Sin embargo, el arte, esa mercancía sublimada, es una producción y reproducción de la realidad. Este es el tema de su libro La obra de arte en la edad de su reproductividad técnica. Producir es una de las formas de la creación estética, pues "el arte persigue lo bello, y si bien simplemente lo reproduce", en verdad, lo recupera de las honduras del tiempo. Con la fotografía, el retrato y el soneto, se inicia la decadencia del aura. El arte ya no puede ser el espejo de la realidad en torno. Sólo mediante la técnica elaborada de la memoria o la invención interior podemos volver a representar el aura, es decir, esa eternidad atractiva de nuestros sueños o visiones realistas. Pero el arte se nos disuelve y pulveriza en instantes prodigiosos que nos hacen perder el sentido de la continuidad del tiempo, la realidad de la historia. Para evitar que la tierra recaiga en un estado de postración y de inercia, debemos vivir animados por la esperanza histórica, que no es lineal, sino un círculo concéntrico. Se condensa en el Jetztzeit, concepto eje de las Tesis sobre filosofía de la historia, de Benjamín. Narrar históricamente. no es reproducir el pasado tal como fue, ni participar en el futuro. El presente es el eje de la historia.

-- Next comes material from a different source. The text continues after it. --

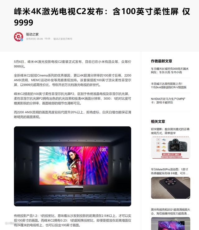 价格确实十分有吸引力,最近也入手了这台小米生态链企业峰米科技的峰米激光电视C2,那么就来一起看看实际表现吧。
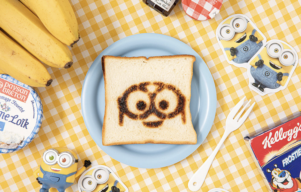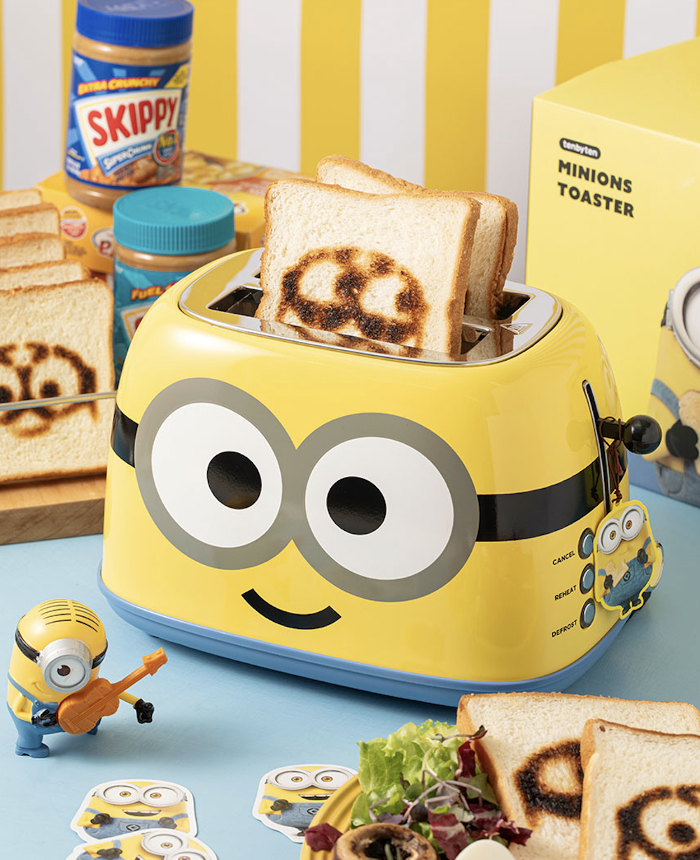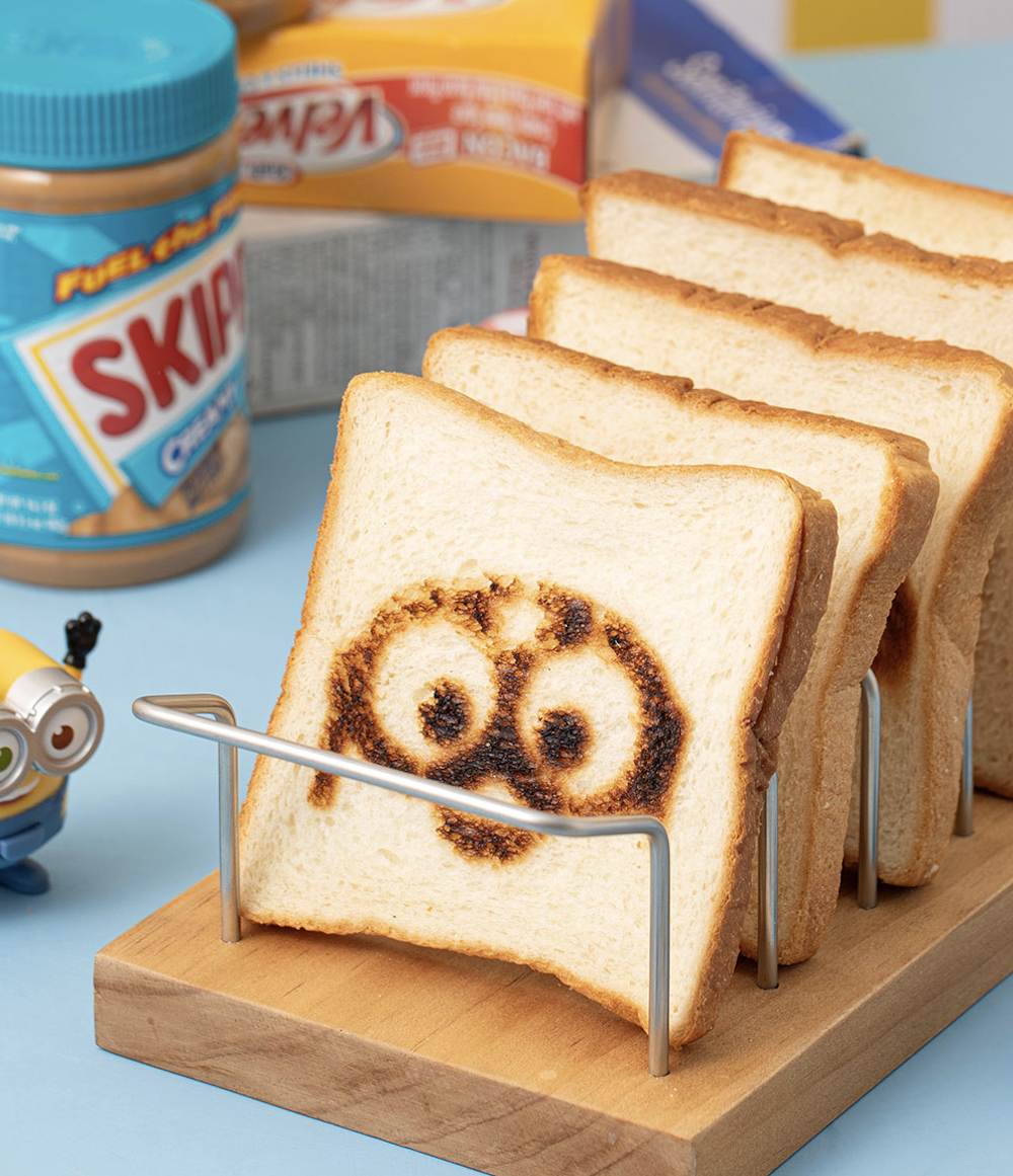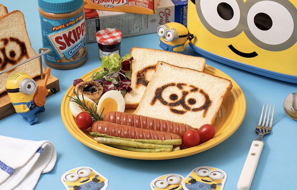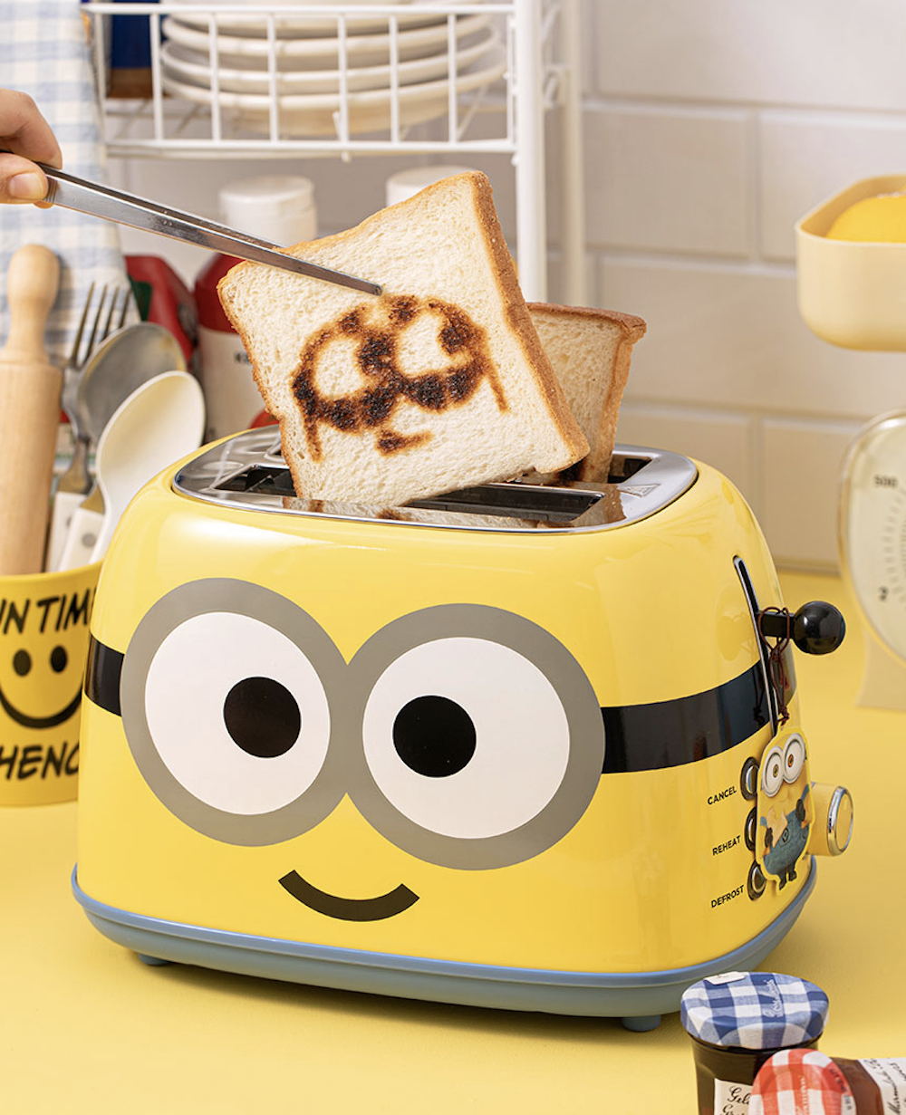 ▼「Minions小小兵烤吐司機」烤出的不是普通的金黃吐司,而是有著Bob小小兵超萌圖案的吐司!是的,這不是開玩笑,你現在可以一邊咬下美味的吐司,一邊與Bob小小兵共度美好的早晨。

Pero es un presente tan actual, tan de ahora, que nos lleva al futuro y a la vez actualiza y revive el pasado. Zukunft ist Möglichkeit, nie Gewissheit, el futuro es posibilidad, no certidumbre. Y como no tenemos absoluta seguridad en la victoria de ese fin último del mundo o de que la historia tiene un sentido final hacia el que se dirige, nace la melancolía de izquierda en Benjamín. Así, dice en sus Einbahnstrasse, al analizar el cuadro Spes, de Andrea Pisano: el personaje sentado intenta coger con el brazo un fruto que le parece inalcanzable. Benjamín, pese a esta melancolía de izquierda, expresó a través de este símbolo plástico que el socialismo es real, pero no es una realidad completa. Esta paradoja dolorosa aumentó la intensidad de su melancolía. Pese a que se suicidó o que lo fusilaron cerca de la frontera española, el 28 de septiembre de 1940, sin embargo, no desesperó nunca de la historia y de su meta inmanente.

Obras

Origen de la tragedia alemana La obra de arte en la edad de su reproductividad técnica; Calle de dirección única; París, capital del siglo XIX; Tesis de filosofía de la historia: Mi infancia en Berlín. En español han sido publicadas, entre otras, las traducidas y comentadas por Jesús Aguirre, duque de Alba, Iluminaciones I, Iluminaciones II e Iluminaciones III, y Discursos interrumpialos, editadas por editorial Taurus, y ahora aparece, en Alfaguara, Mi infancia en Berlín.

* Este artículo apareció en la edición impresa del lunes, 27 de septiembre de 1982.